Azacitidine is approved to treat:

  • Acute myeloid leukemia in adults who had a first complete remission after intensive induction therapy and who are not able to finish intensive curative therapy. This use is approved for the Onureg brand of azacitidine.
  • Myelodysplastic syndromes (MDS).
    • It is used in adults with certain types of myelodysplastic syndromes, including chronic myelomonocytic leukemia.
    • It is used in children aged 1 month and older with newly diagnosed juvenile myelomonocytic leukemia.

    This use is approved for the Vidaza brand of azacitidine.
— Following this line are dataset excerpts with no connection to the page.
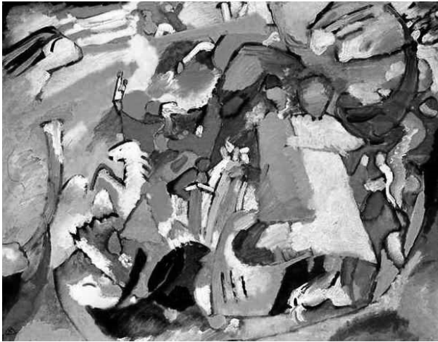
ALL SAINTS DAY (by Wassily Kandinsky, 1911)
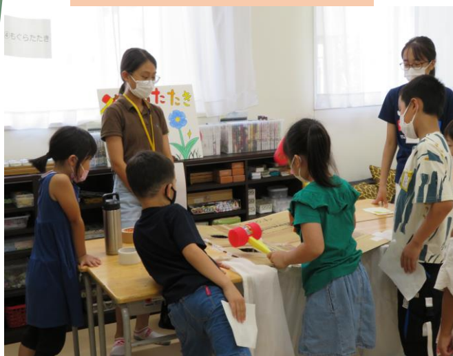
Excited with "Whack the Mole Game"
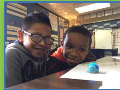
Students participate in Hour of Code
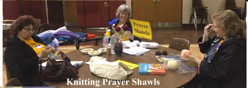
Knitting Prayer Shawls
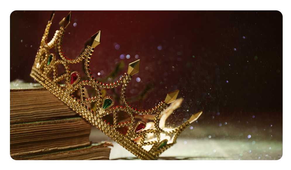
Fairy tales and nursery rhymes can help us find out about life in the past.
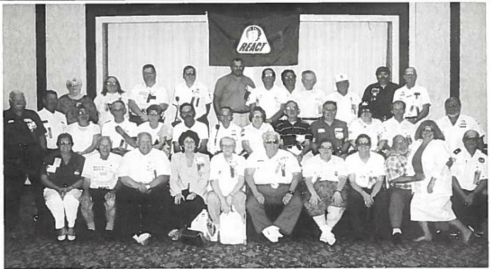
The photograph above is the Life Member attendees at the 1995 REACT International Convention hosted by the Nebraska State Council and Iowa State REACT Council. The photograph below is the Amateur Member attendees at the 1995 REACT International Convention which was held at Omaha, Nebraska.
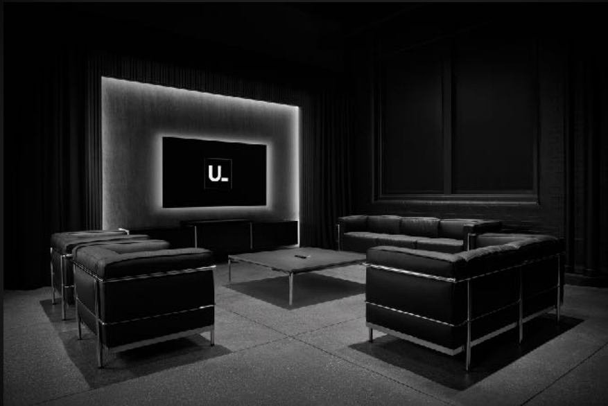
MEDIA LOUNGE | NITE
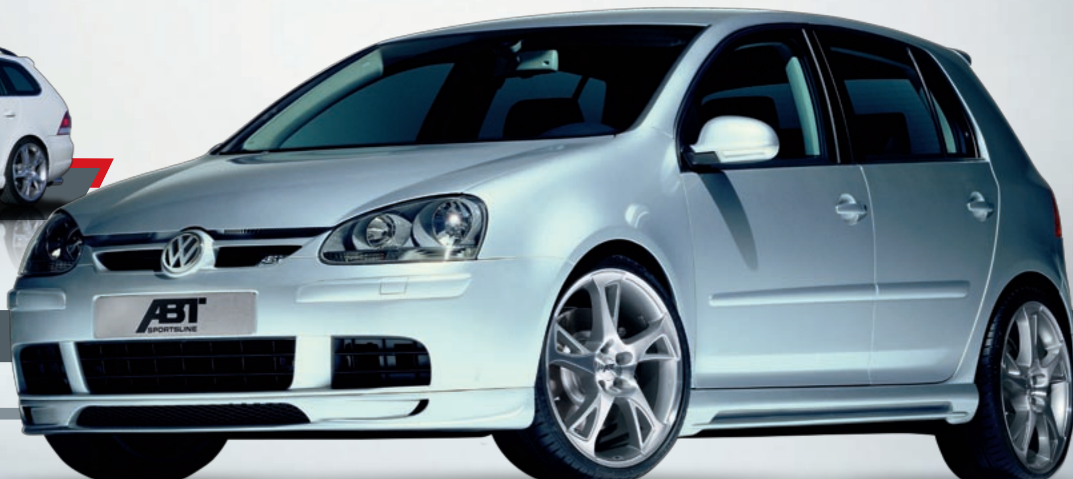
ABT BR sports wheel. Diamond-machined or high-gloss polished, with optional concealed valves, weight optimized and providing perfect handling.
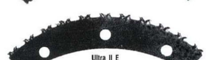
Ultra II E
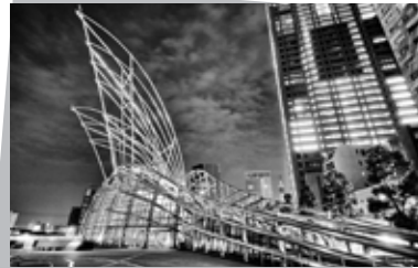
National Museum of Art
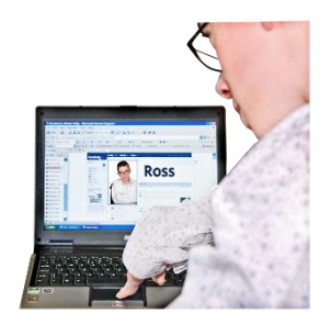
IT / web-based skills
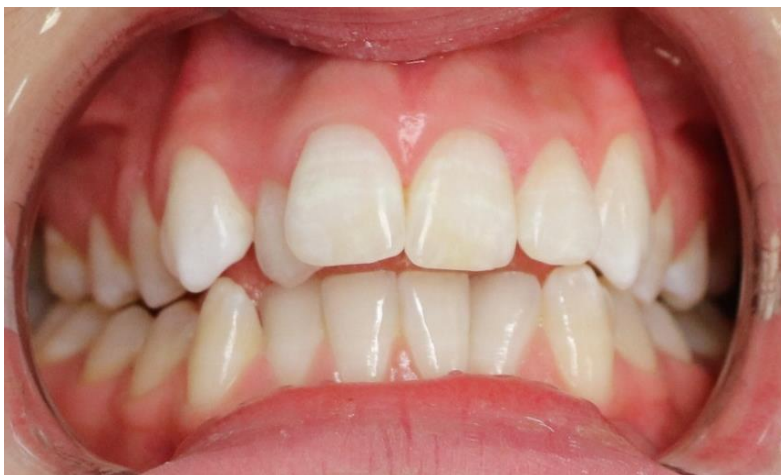
Fig. 6b Post micro abrasion and vital bleaching
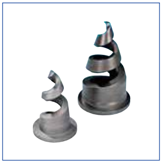
Helix nozzles made of Stellite
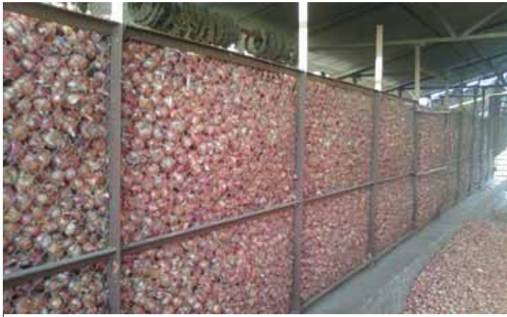
An onion store requires good ventilation for proper drying and prolonged shelf-life to reduce loses associated with rotting.
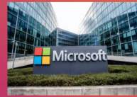
Microsoft Date Center
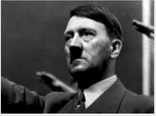
The Development of Western Morality Leads to National Socialism 16 comments
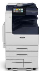
Xerox® VersaLink® C7120/C7125/C7130 Color Multifunction Printer
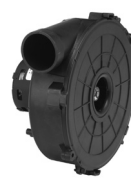
FIG. N A209
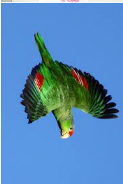
96870 Jefferson Cutrim Rocha
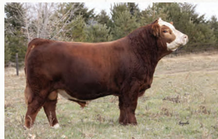
Felt Last Call 304F
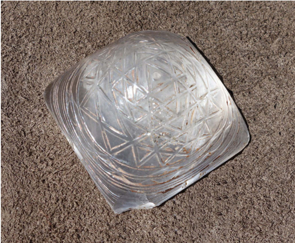
Sri-Yantra, the Universe c.18th Century Nepal rock crystal

The beautiful rock crystal pyramid-form ritual object here is from Nepal is commonly known as a Sri-Yantra, a diagrammatic representation of the mantra, the most sacred and perfect representation of the Universe.
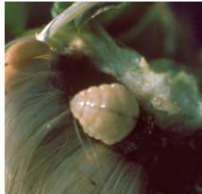
Fig. 16. Thistle-head weevil adult. 6 Fig. 17. Thistle-head weevil larva. 10

Thistle-head weevil , Rhinocyllus conicus , is a weevil in the family Curculionidae (Figs. 16, 17). This beetle is native to Europe, Africa and Asia, but was introduced into North America for biological control of musk (nodding) thistle. Adults are 10-15 mm long and are yellowish brown in color with a pronounced snout. Mated females lay eggs on the bracts of musk thistle flower buds. Larvae are the beneficial life stage, eating the developing thistle seeds.
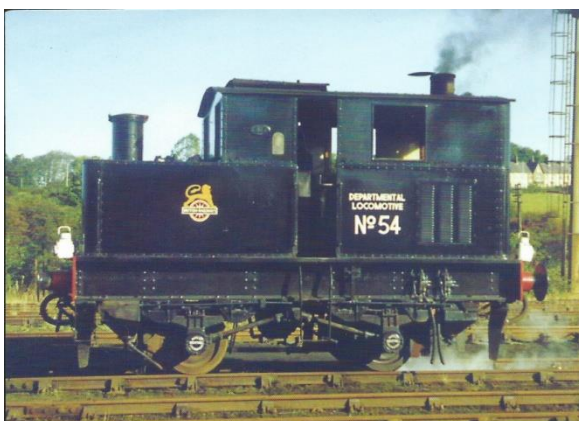
British Railways Departmental Loco 54 Sentinel 8837 built 1933 Stands in the yard at Padiham Power Station during an open day

© 2004 Middleton Railway Trust Ltd The Station Moor Road Leeds LS10 2JQ
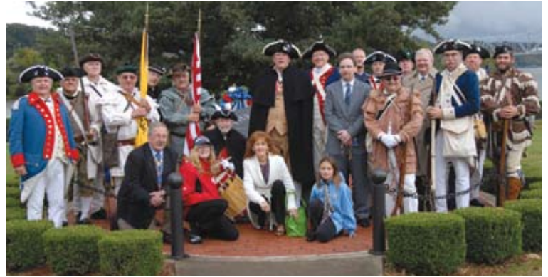
▲ Members of Ohio Society that participated in Battle Days and the Wreath Laying Ceremony at Pt. Pleasant, WV.

Azacitidine is also being studied in the treatment of other conditions and types of cancer.

Contraindications

The following conditions are contraindicated with this drug. Check with your physician if you have any of the following:

  • anemia
  • decreased blood platelets
  • low levels of a type of white blood cell called neutrophils
  • severe liver disease
  • decreased kidney function
  • abnormal liver function tests
  • pregnancy
  • a patient who is producing milk and breastfeeding
  • advanced liver cancer
  • Hypersensitivity to the active component or any of the ingredients
  • Hypersensitivity to mannitol
  • Advanced malignant hepatic tumors

Dosage

Strengths: 100 mg; 200 mg; 300 mg

Myelodysplastic Syndrome

  • FIRST TREATMENT CYCLE: 75 mg/m2 IV or subcutaneously daily for 7 days; repeat cycles every 4 weeks
  • SUBSEQUENT CYCLES: After 2 cycles, may increase the dose to 100 mg/m2 if no beneficial effect is seen and if no toxicity other than nausea and vomiting has occurred
  • DURATION OF THERAPY: Minimum of 4 to 6 cycles; may continue treatment if the patient continues to benefit

Acute Myeloid Leukemia

  • FIRST TREATMENT CYCLE: 75 mg/m2 IV or subcutaneously daily for 7 days; repeat cycles every 4 weeks
  • SUBSEQUENT CYCLES: After 2 cycles, may increase the dose to 100 mg/m2 if no beneficial effect is seen and if no toxicity other than nausea and vomiting has occurred
  • DURATION OF THERAPY: Minimum of 4 to 6 cycles; may continue treatment if the patient continues to benefit

Renal Dose Adjustments

  • Unexplained reductions in serum bicarbonate levels to less than 20 mEq/L: Reduce dose by 50% for the next course.
  • Unexplained elevations of BUN or serum creatinine: Delay the next cycle until values return to normal or baseline and reduce the dose by 50% for the next course.

Dose Adjustments

Baseline WBC 3 x 10(9)/L or greater, absolute neutrophil count (ANC) 1.5 x 10(9)/L or greater, AND platelets 75 x 10(9)/L or greater:

  • ANC less than 0.5 x 10(9)/L and platelets less than 25 x 10(9)/L: Administer 50% of the dose in the next course.
  • ANC 0.5 to 1.5 x 10(9)/L and platelets 25 to 50 x 10(9)/L: Administer 67% of the dose in the next course.
  • ANC greater than 1.5 x 10(9)/l and platelets greater than 50 x 10(9)/L: Administer 100% of the dose in the next course.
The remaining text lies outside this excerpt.